When Nai learned her sleep-addled babbling had helped kill those who had the audacity to have more than her parents, she refused to help them or the king in any endeavor, instead choosing a more solitary life.
Unfortunately, being an oracle had its limits. She never knew what would come of her life, only the lives of those around her. If she happened to be have a personal connection to them, she sometimes received glimpses of her future entwined with theirs.
Five summers came and went and during that time, she learned to control her visions.

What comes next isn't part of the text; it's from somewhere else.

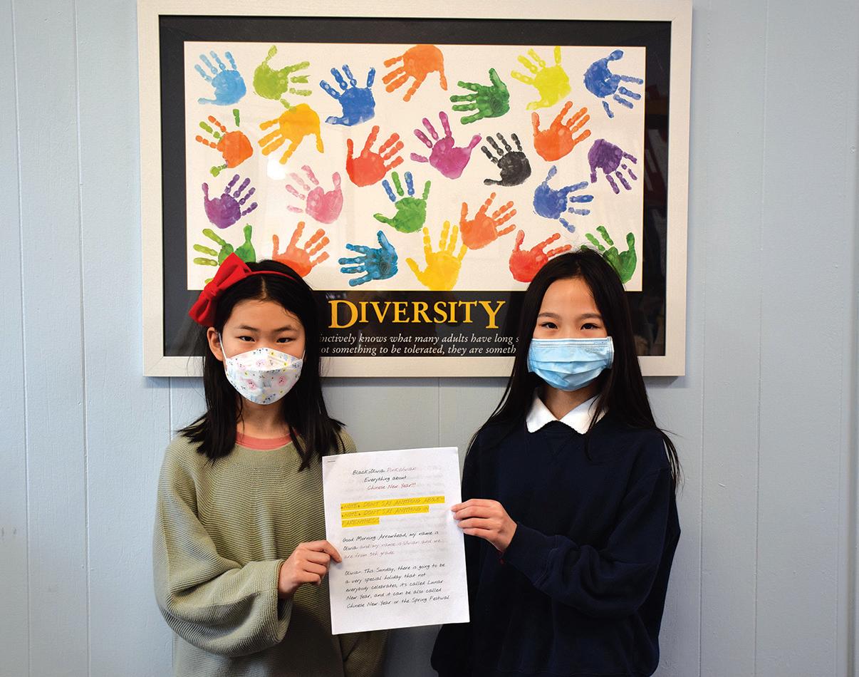 READ AN ESSAY ABOUT LUNAR NEW YEAR TRADITIONS - Across the Three Village Central School District, students and staff celebrated Lunar New Year and the Year of the Rabbit through events, activities and schoolwide displays. Two Arrowhead Elementary School fifth graders read an essay about Lunar New Year traditions to the building over the announcements. Photo courtesy of the Three Village Central School District

Honing them to the point where she could rest without fear of spilling someone’s future.
She was fifteen when Darius the III’ men appeared at her hut, took turns raping her until they each had their fill then brought her battered body to the king. His cold, venomous words rang clear in her head. “A pity an oracle such as you would resist the finer things in life. A gilded cage is where you’ll stay until such time I see fit to release you on my prey.” Later she found out, through slaves and concubines, her parents sold her to the king.
Her enslavement had brought her parents two goats and a chicken, plus the envy of those who conspired with them….
The years passed with little to no change in her status. If she had thought to escape, all those she considered friends died horrible deaths in front of her. Since she’d refused to voluntarily help, she never saw their deaths and, in turn, shame and guilt weighed heavily on her soul, leaving behind a black stain she’d never remove.